Marcombe, David 1947–
Marcombe, David 1947–
PERSONAL:
Born September 28, 1947.
ADDRESSES:
Office—School of Education, University of Nottingham, Jubilee Campus, Rm. C88 Dearing, Wollaton Rd., Nottingham NG8 1BB, England. E-mail—[email protected].
CAREER:
University of Nottingham, Nottingham, England, director, Centre for Local History. Centre for Applied Research in Teacher Education, Curriculum and Pedagogy (CARTECP), staff member.
MEMBER:
Spital Chantry Trust of St. Edmund (founding member).
WRITINGS:
(Editor) The Last Principality: Politics, Religion, and Society in the Bishopric of Durham, 1494-1660, University of Nottingham (Nottingham, England), 1987.
(Editor, with C.S. Knighton) Close Encounters: English Cathedrals and Society since 1540, University of Nottingham (Nottingham, England), 1991.
English Small Town Life: Retford, 1520-1642, University of Nottingham (Nottingham, England), 1993.
Sounding Boards: Oral Testimony and the Local Historian, University of Nottingham (Nottingham, England), 1997.
(With Ann Borrill) Newark's Riverside Heritage: Millgate, a Guided Walk, University of Nottingham (Nottingham, England), 1997.
Leper Knights: The Order of St. Lazarus of Jerusalem in England, c. 1150-1544, Boydell Press (Rochester, NY), 2003.
Contributor to Mender of Disorders: Court and Community in the Archdeaconry of Nottingham, 1560-1756, University of Nottingham (Nottingham, England), 2004; John Foxe at Home and Abroad, Ashgate (London, England), 2004; International Mobility in the Military Orders (Twelfth to Fifteenth Centuries): Travelling on Christ's Business, University of Wales Press (Cardiff, Wales), 2006; Dictionnaire des Ordres Militaires en Europe au Moyen Age, 2007. Contributor to Yorkshire Archaeological Journal. Editor, East Midland Historian.
SIDELIGHTS:
David Marcombe's book Leper Knights: The Order of St. Lazarus of Jerusalem in England, c. 1150-1544 examines the origins of the military Order of St. Lazarus, founded in the Holy Land by crusading knights who suffered from leprosy. They founded a hospital in the Kingdom of Jerusalem to help disease victims, and when the city of Acre fell in 1291, the order migrated to England. Roger of Mowbray opened a hospital in Burton Lazars, a village in England's East Midlands that still exists today, which became the headquarters of the Order. It gradually underwent a shift in its intent and became more of a ceremonial guard—far removed from its origins as a charitable organization for lepers.

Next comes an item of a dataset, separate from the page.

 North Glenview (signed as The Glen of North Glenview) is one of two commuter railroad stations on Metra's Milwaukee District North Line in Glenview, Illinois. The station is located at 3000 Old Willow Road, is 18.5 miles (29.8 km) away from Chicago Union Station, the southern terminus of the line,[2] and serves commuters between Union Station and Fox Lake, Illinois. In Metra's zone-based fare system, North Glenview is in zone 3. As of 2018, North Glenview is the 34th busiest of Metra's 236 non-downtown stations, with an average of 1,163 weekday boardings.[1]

The order lasted until 1544, making it one of the last holdouts to Henry VIII's Reformation that outlawed all monasteries. Nevertheless, in a skeletal form, the order survived until the late eighteenth century. The order was formally revived in the early twentieth century and continues its charitable missions throughout Eastern Europe and Russia.

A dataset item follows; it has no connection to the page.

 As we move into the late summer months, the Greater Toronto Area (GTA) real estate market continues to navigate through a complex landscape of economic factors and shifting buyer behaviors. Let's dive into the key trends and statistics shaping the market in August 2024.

Reviewers welcomed Marcombe's account for shedding light on this lesser-known order; the book is "very thorough" wrote Malcolm Barber in the Journal of Ecclesiastical History, and makes "extensive use of both archival and printed sources." Marcombe conducted research in conjunction with the Burton Lazars Research Group, and together their "reconstruction of the Order's history in England is no mean achievement, the result of extensive quarrying for sources," wrote R.N. Swanson in Albion.
BIOGRAPHICAL AND CRITICAL SOURCES:
PERIODICALS
Albion, summer, 2004, R.N. Swanson, review of Leper Knights: The Order of St. Lazarus of Jerusalem in England, c. 1150-1544, p. 282.

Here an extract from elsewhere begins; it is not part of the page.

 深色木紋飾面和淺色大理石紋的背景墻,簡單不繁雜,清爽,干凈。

American Historical Review, December, 2004, Michael Gervers, review of Leper Knights, p. 1625.
Choice, October, 1994, review of English Small Town Life: Retford, 1520-1642, p. 354.
Journal of Ecclesiastical History, July, 1995, David Hey, review of English Small Town Life, p. 565; January, 2005, Malcolm Barber, review of Leper Knights, p. 137.
Social History, October, 1994, Peter Edwards, review of English Small Town Life, p. 426.
Times Literary Supplement, March 11, 1994, review of English Small Town Life, p. 32.